Middle-slotter Lucas Field seemed a little rattled by some pre-set technical bugs, but quickly brought things home with some easy-grooving, very seventies-flavored pop. Field used to be in indie-rock band Low vs. Diamond, but he’s been cutting his teeth as a soul musician fronting his combo at South Lake Union’s Laadla restaurant for about a year now. The steady gigging shows. He worked the keyboards with the swing of Stevie Wonder or Billy Preston Friday, and his current crop of original songs–warm and affectingly funky, all–displayed more character and distinction than his old band’s material ever did. His band’s imaginative take on the Shuggie Otis/Brothers Johnson psych-soul classic “Strawberry Letter 23” pretty much sealed the deal, too. Tiffany Wilson–a singer whose effortless voice suggested a less affected, more subtly sensual Mary J. Blige–proved the most effective secret weapon of an already-tight ensemble. More please, guys.
Shaprece has been paying her dues for the last two years as a vocal gun-for-hire with Mad Rad, Fresh Espresso, and Blue Sky Black Death (to name a few), but Friday night she proved she’s more than got the goods to conquer the world on her own, thanks. She’s a devastatingly complete package as an entertainer, with versatile and limber Alicia-Keys-inspired pipes, unforced onstage affability, girl-next-door good looks, catchy and creative original material, and the kind of charisma that could well translate to a huge audience.

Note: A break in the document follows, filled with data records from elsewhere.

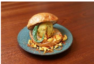
インド料理 ディヤ

参加店舗: インド料理 ディヤ | グランド ハイアット 東京 | 信濃屋 | 鮭鐵/鐵ちゃん | 中国料理 ゴールデンタイガー 南翔饅頭店 | ニャーヴェトナム | 梅蘭 | バルバッコア | ヒルズ ダル・マット | POKEDO MARKET 毛利 サルヴァトーレ クオモ | リゴレットバーアンドグリル | ワインショップ・エノテカ
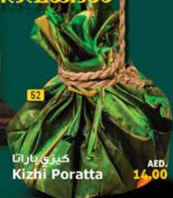
കിഴി പരത്ത Kizhi Poratta
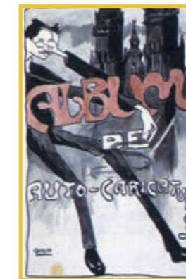
Album de autocaricaturas de Castelao (Doazón de Francisco Fernández del Riego)

O patrimonio da Biblioteca Penzol constitúe un conxunto amplísimo de publicacións referentes a Galicia, de autoría galega ou editadas na nosa terra. Neste campo, é unha das máis importantes bibliotecas do noso país, tanto polo volume como pola calidade do seu patrimonio, que inclúe numerosos libros e impresos raros, varios únicos e algúns incunables, ademais de valiosos fondos arquivísticos e especiais.
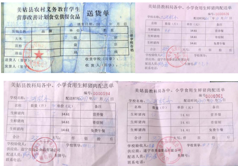
图 11 原始凭证组图
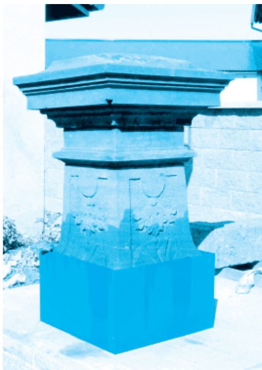
Impregnování spodní části podnože pomníku sv. Ondřeje roztokem organokřemičitanů

Zahrada školky. Po opravě opěrné zdi mezi chodníkem a školkou se dělaly ještě další úpravy. Jednak OZET opravil zábradlí nad chodníkem a vstupní bránu, za druhé je dokončeno oplocení horní zahrady školky a za třetí se na horní zahradě provedly terénní úpravy, díky kterým tam vzniknou rovná místa pro herní
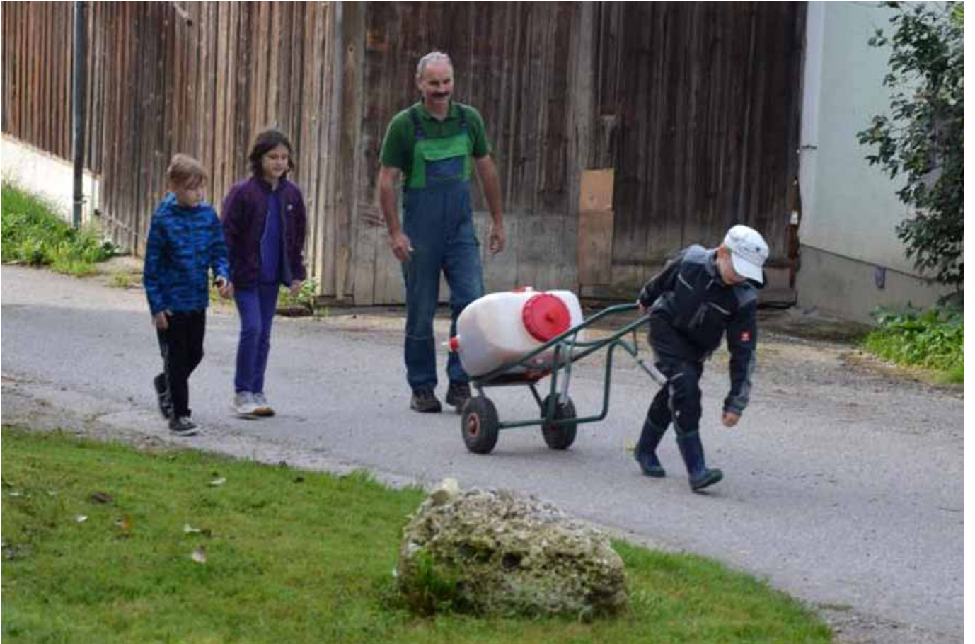
_ VS Pamet
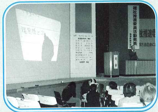
社会福祉大会で要約筆記を行うボランティアの皆さん

『はじめての要約筆記講座』の申込みは海津市社会福祉協議会まで(55-2300)お電話でご連絡ください。
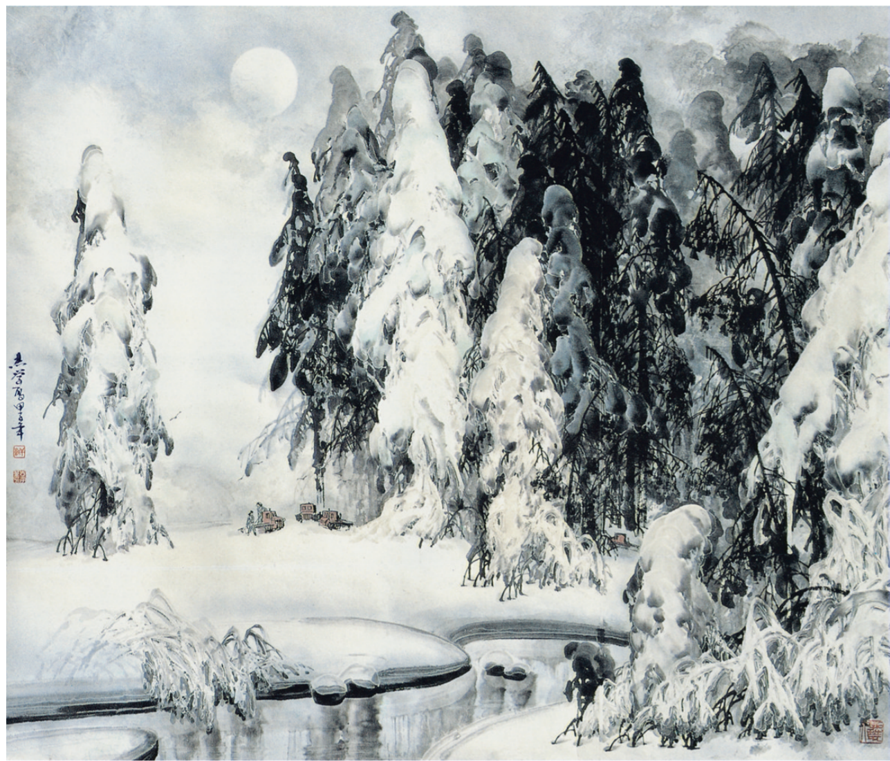
于志学《青河兴安》1984年

张晓凌(中国国家画院副院长):冰雪画派在于志学先生的带领下,经历了30年发展,取得了重要成果。于志学先生最突出的贡献不仅是他创立了一个全新的画种,同时包括带起一批人创立了冰雪画派。冰雪画派是以一种独特观念、题材和语言系统形成的画派,我认为其更贴近西方现代画派,后者是以某种理念和人的创新精神为主导形成的,冰雪画派在这点上也非常独特。
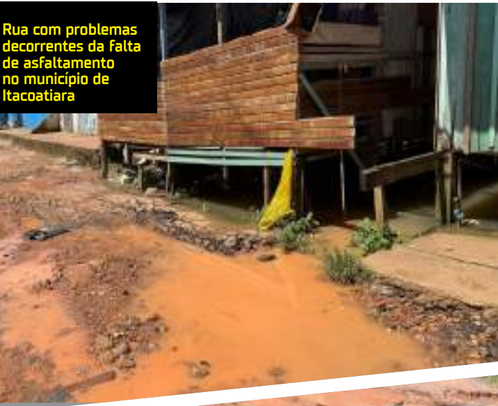
Rua com problemas decorrentes da falta de asfaltamento no município de Itacoatiara

do alagamento, que também se junta à água contaminada aos dejetos humanos.
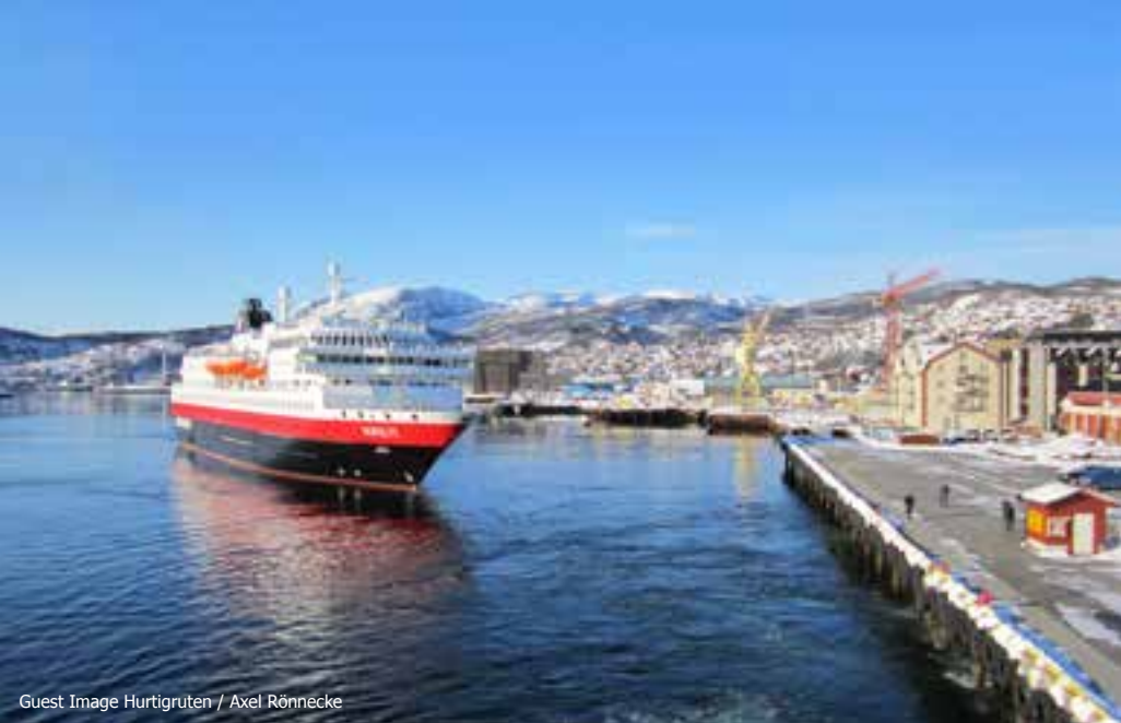
Guest Image Hurtigruten / Axel Rönnecke
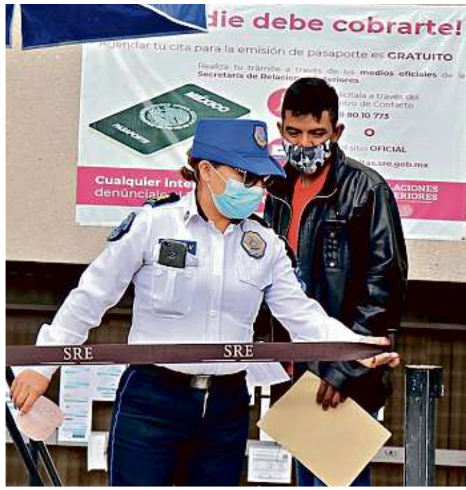
Ante la falta de citas, usuarios acudieron infructuosamente a la sede de Cancillería, donde les pidieron esperar.

Para el arranque de operaciones se estima que la empresa tendrá mil 200 colaboradores.
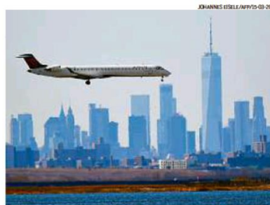
Disputa. Avião se aproxima do aeroporto JFK, em Nova York: 5G na berlinda

Do outro lado, fabricantes de aviões e companhias aéreas alertaram que a nova frequência poderá afetar até 350 mil

Shaprece’s recorded output reveals a wealth of influences from hip-hop to orchestral pop to clattering breakbeat (the stuttering and brilliant “Dangerous” would make a better James Bond theme song than anything you’ve heard in a real Bond flick in the last ten years), but on Friday things hit a more elemental vibe. Her Friday gig was very much a family affair, with her dad Joshua Robinson contributing a rich bed of keyboards and sister Dee Dee matching her readily on backing vocals. The rest of her great backing band, meantime, swung in sweetly old-school funky style. Elements of Sade’s phrasing and cosmopolitan cool came to the vocal table, but with a welcome rush of earthy soulfulness: Unlike the aforementioned smooth-soul siren, Shaprece bleeds when she’s emotionally cut (and she’s not above firing a spliff on the awesome THC-hazed jam, “Lift,” either.).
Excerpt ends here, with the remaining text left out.